Recent years have seen increased policy and academic focus on the potential causes and effects of rising market power on the labor share—the share of labor compensation (wages) as a proportion of total production—and in turn, on levels of inequality in developed nations. A possible decline of the labor share is not just an academic puzzle—it reflects a fundamental aspect of the way that the gains of productivity and progress are shared between individuals in modern society. This measure can be aggregated from the firm level to an industry and country level in a way that reflects the systematic shares of labor vs capital over time, the ‘winners and losers’ of society.

Some studies conclude that global factors are the principal contributing factors leading to the decline in the labor share in most of the developed world. While different voices within this debate emphasize different economic mechanisms in their analyses—such as technological advances and global trade, the rise of ‘superstar’ firms, or increasing global market power—all agree that the factors behind the decline of the labor share are not specific to any one country or jurisdiction.

In contrast, other studies point to local drivers of the decline in the labor share—meaning, a country’s or region’s idiosyncratic factors, such as national and regional differences in the regulation of labor and product market. Generally speaking, these studies argue that the decline in the labor share may not be a global phenomenon, and is overstated in many developed countries. They argue that such global claims are the result of inappropriate cross-country comparisons.

Figure 1 presents changes in national labor share in selected countries. The labor share measure is based on the EU KLEMS project, which provides a database on measures of economic growth, productivity, employment, capital formation, and technological change at the industry level for all European Union member states, Japan, and the US. What seems to be apparent from Figure 1 is that while the labor share has trended downwards for the US and Canada over 1995-2005, the trend is less uniform in other countries, with the labor share remaining constant in some countries and rising in others.

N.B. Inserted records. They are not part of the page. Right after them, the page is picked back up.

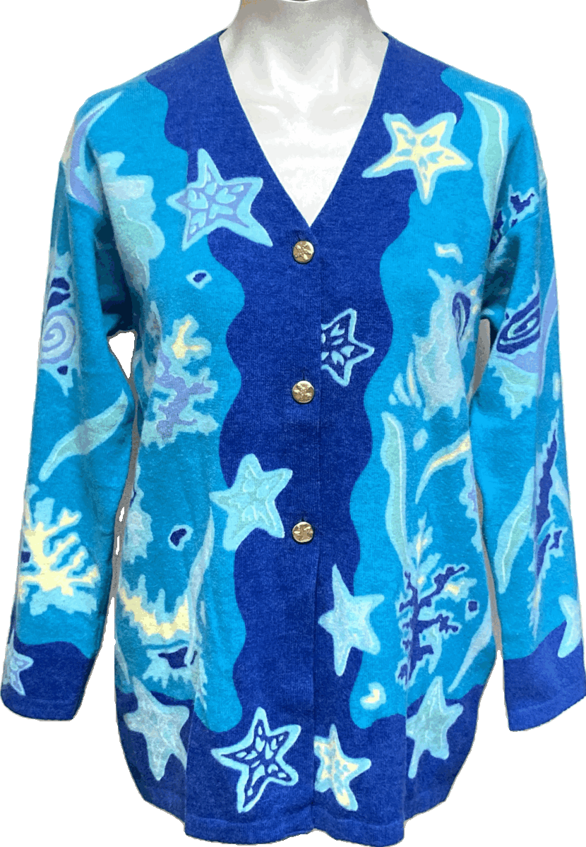 - ☆ビアッジョブルーViaggio Blu ウールナイロンハイゲージニットカーディガン 海モチーフ水色2☆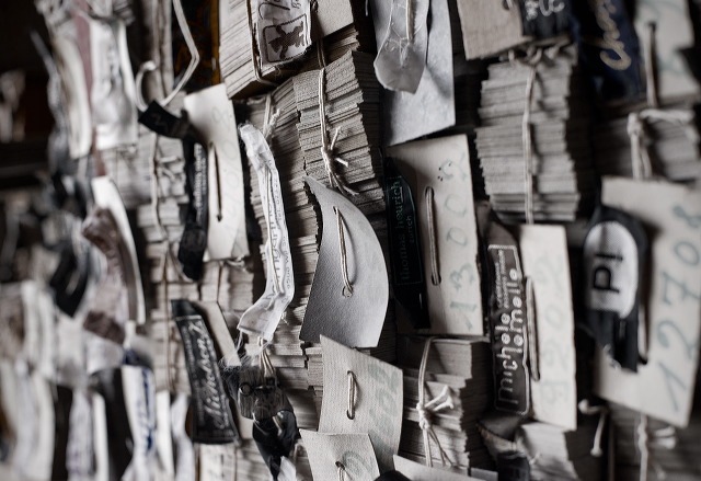 Old Labels. In the Museum für Frühindustrialisierung – the Museum of Early Industrialisation – in Wuppertal, Germany, I came across some shelves storing and displaying these bundles of cards, tied up with string and labelled. In fact the cards are 'programs' for embroidering the (modern) patterns and logos on the beautiful and still-functioning 19th century looms on display.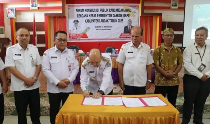 LANDAK – Pj. Bupati Landak Samuel membuka acara Forum Konsultasi Publik Rancangan Awal Rencana Kerja Pemerintah Daerah (RKPD) Kabupaten Landak Tahun 2025, Rabu (31/01/2024).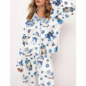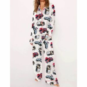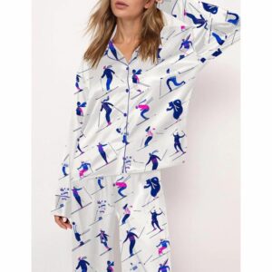 Christmas Skiing Holiday Satin Pajama Set For Women
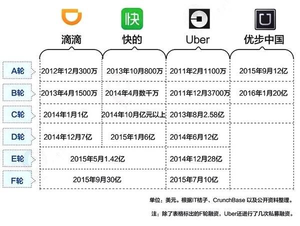 2015 年 7 月,滴滴快的宣布完成 20 亿美元 F 轮融资,而这距离其 1.42 亿美元 E 轮融资仅过去两个月。9月,滴滴快的再次宣布,F 轮融资加入了新的投资者,20 亿美元变成了 30 亿美元,估值上升至 165 亿美元。同一个月,Uber 在中国的独立注册公司雾博也完成了 12 亿美元 A 轮融资。2016年 1 月,优步中国又完成了约 20 亿美元 B 轮融资。

Figure 1: Country-Aggregated Labor Share Comparisons

What can explain this difference in the labor share trends across these developed countries? While existing studies have identified a range of factors, they have largely overlooked the role that competition policy could have in shaping market dynamics and controlling market power in different economies.

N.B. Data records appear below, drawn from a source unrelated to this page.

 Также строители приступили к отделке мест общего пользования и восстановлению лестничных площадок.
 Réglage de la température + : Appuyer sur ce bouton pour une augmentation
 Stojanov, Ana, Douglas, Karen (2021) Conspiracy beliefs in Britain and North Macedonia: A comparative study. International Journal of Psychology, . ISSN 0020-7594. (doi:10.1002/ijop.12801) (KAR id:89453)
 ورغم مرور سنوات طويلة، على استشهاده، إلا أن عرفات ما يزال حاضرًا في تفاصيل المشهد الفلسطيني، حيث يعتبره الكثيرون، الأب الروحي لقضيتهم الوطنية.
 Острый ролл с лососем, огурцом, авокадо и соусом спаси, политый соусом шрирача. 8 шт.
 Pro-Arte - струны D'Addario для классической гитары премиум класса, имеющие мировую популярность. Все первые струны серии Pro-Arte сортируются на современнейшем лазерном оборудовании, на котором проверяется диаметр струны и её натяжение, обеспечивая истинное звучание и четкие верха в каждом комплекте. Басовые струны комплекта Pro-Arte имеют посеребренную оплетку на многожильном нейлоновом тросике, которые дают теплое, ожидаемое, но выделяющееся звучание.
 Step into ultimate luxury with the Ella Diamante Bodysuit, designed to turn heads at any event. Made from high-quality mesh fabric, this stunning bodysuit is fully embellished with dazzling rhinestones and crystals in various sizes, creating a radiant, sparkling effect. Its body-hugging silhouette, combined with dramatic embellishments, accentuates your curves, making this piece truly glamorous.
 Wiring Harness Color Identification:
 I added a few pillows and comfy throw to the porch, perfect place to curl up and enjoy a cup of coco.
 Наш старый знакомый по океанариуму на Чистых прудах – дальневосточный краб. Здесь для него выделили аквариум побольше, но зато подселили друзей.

In a recent working paper co-authored with Carola Casti, Christopher Decker, and Ariel Ezrachi, we examine whether, and how, competition policy might reflect in changes in the labor share, given its potential ability to control market power. Specifically, we test the hypothesis that changes in the labor share in developed countries—shown in Figure 1—may, in part, be influenced by the relative effectiveness of the competition policy enacted in that country. In other words, we explore the question of whether competition policies that are more effective in controlling market power are also associated with a higher labor share.

If it is the case that competition policy and the labor share are related in a positive way, then this suggests that effective competition policy could generate positive effects beyond its traditional efficiency goals and result in labor receiving a higher share of welfare gains. These possible distributional effects of competition policy are potentially significant, given that labor income is more evenly distributed across households than capital income—meaning, more households, particularly lower income households, derive most of their income from wages than from capital ownership. In short, effective competition policy may be an important contributor to lowering levels of economic inequality in the long run through the changes in the labor share that accompany its efforts to control market power.

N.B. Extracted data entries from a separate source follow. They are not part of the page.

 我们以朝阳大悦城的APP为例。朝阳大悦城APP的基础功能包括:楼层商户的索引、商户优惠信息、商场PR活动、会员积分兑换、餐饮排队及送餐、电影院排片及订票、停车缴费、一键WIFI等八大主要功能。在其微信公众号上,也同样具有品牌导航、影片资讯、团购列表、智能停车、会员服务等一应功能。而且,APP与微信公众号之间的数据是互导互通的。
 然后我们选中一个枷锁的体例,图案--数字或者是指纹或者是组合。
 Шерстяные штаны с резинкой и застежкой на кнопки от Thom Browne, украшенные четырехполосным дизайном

The Link Between Profits and the Labor Share

The decline of the labor share is argued to be a direct consequence of the rise of markups and increases in concentration and associated monopoly rents. Accurately estimating markups is a complex econometric task that requires the use of strong assumptions, or the estimation of production functions using firm level data to retrieve elasticities. However, since profitrates and concentration levels are correlated with markups, the link between these measures and the labor share offers a workable way around these problems.

Figure 2 shows how average profits and the labor share are related in our sample. Each red dot represents one observation of the labor share in our sample of 22 industries in each of the 12 OECD countries we studied (Canada, Czech Republic, France, Germany, Hungary, Italy, Japan, Netherlands, Spain, Sweden, United Kingdom, United States) over the period between 1995-2005. A negative correlation between average profit in the industry and the labor share estimates is shown by the red line, implying that the higher the average profit the lower the labor share.

Figure 2: Labor-Capital Share and Average Profits by Industry

Competition Policy and Changes in the Labor Share

As described above, the main contribution of our working paper is to focus on how competition laws might impact the labor share. Specifically, we empirically investigate whether there is any association between the competition policy applied in a specific jurisdiction—the scope of competition law, enforcement, and institutions—and observed changes in the labor share in that jurisdiction. Our sample of 12 OECD countries captures both cross country and cross regional effects. In addition, we test whether the interaction between competition law and the labor share is affected by various ‘local’ factors specific to each country, such as the degree of unionization, other forms of labor protections, or product market regulations.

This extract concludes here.